Antagonista que se sente protagonista, Salieri é o personagem principal da peça e, em grande medida, do filme, enquanto Mozart funciona como o instrumento involuntário através do qual Salieri perde a fé em Deus. Barton desenvolve o papel de Mozart, com ênfase em sua vida doméstica, que ele preenche com discórdias e desafios de sua própria autoria. O libretista Lorenzo Da Ponte (Enyi Okoronkwo) é promovido a principal companheiro de festa e tentador, aparecendo na porta de Mozart vestido de mulheres. A patroa de Mozart, Constanze (Gabrielle Creevy), é uma presença muito maior aqui do que antes, estendendo-se a cenas ambientadas após a morte do compositor. Ela fez o ouvido em que Salieri derrama suas confissões de vida e, em um episódio ainda posterior, é visitada por Alexander Pushkin (Jack Farthing), o escritor russo, que quer escrever uma peça baseada na lenda de Mozart-Salieri. (Pushkin, de fato, escreveu seu “Mozart e Salieri”, que foi considerado a inspiração para “Amadeus”. Meta!)

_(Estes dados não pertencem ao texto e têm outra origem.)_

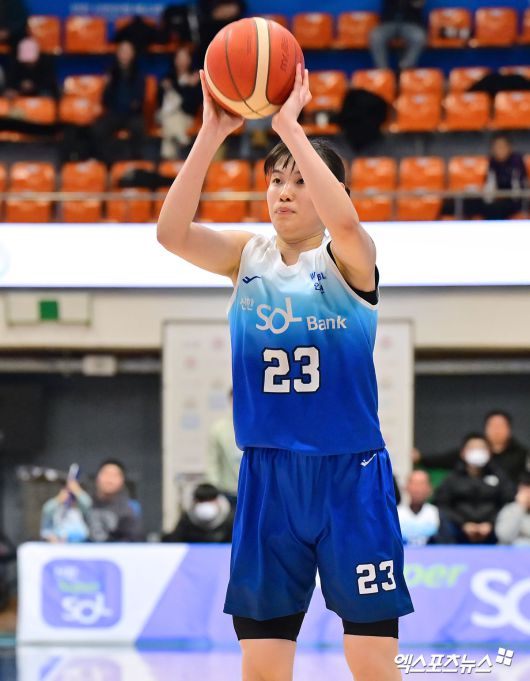 (엑스포츠뉴스 인천, 김한준 기자) 12일 오후 인천광역시 중구 도원체육관에서 열린 'BNK 금융 2025-2026 여자프로농구' 신한은행과 우리은행의 경기, 신한은행 홍유순이 3점슛을 시도하고 있다.김한준 기자 kowel@xportsnews.com

Os atores estão todos muito bem. Escalar o attractive e bonitão Sharpe como Mozart – em bastante contraste com o Tom Hulce do filme, com sua energia Harpo Marx e sua estranha risada explosiva – sinaliza que esta pretende ser uma abordagem séria do materials. (Os créditos de abertura animados, nos quais uma ovelha é estripada para fazer cordas de violino, ressaltam a impressão.) Bettany também é mais contido, mais monástico como Salieri do que seu antecessor no cinema, vencedor do Oscar, F. Murray Abraham. A série, que pode chegar ao melodrama, com o diretor Julian Farino acumulando montagens de flash e efeitos de câmera embriagados, é melhor quando os dois estão simplesmente conversando; Mozart é incapaz de reconhecer a antipatia de Salieri através de sua assumida cordialidade (ele é simples assim), e Salieri está honestamente intrigado por Mozart, apesar de tudo.

As cinebiografias são suspeitas como classe, embora “Amadeus”, que é claramente um trabalho de imaginação, obtenha pelo menos uma aprovação parcial. A série, filmada em Budapeste, Hungria – não muito longe de Viena – recria alguns eventos documentados, incluindo o famoso duelo de piano de Mozart com Muzio Clementi e o funeral de seu estorninho de estimação, e é, claro, cheio de pompa de época. Temos vislumbres de “O Rapto do Serralho”, “As Bodas de Fígaro” e “A Flauta Mágica” — óperas, além do inacabado “Réquiem” que figura na trama remaining de Salieri, são praticamente as únicas obras aqui mencionadas porque possuem enredos e personagens e podem ser usadas para sugerir motivações psicológicas duvidosas por parte do compositor. “Don Giovanni” de alguma forma trata das questões do pai de Mozart. (Você não saberia por “Amadeus” que o homem escreveu 41 sinfonias, 27 concertos para piano e assim por diante.)

Os factos biográficos mais amplos são obedecidos, mas “Amadeus” é fundamentalmente a-histórico e por vezes implausível: só se pode confiar nele como televisão.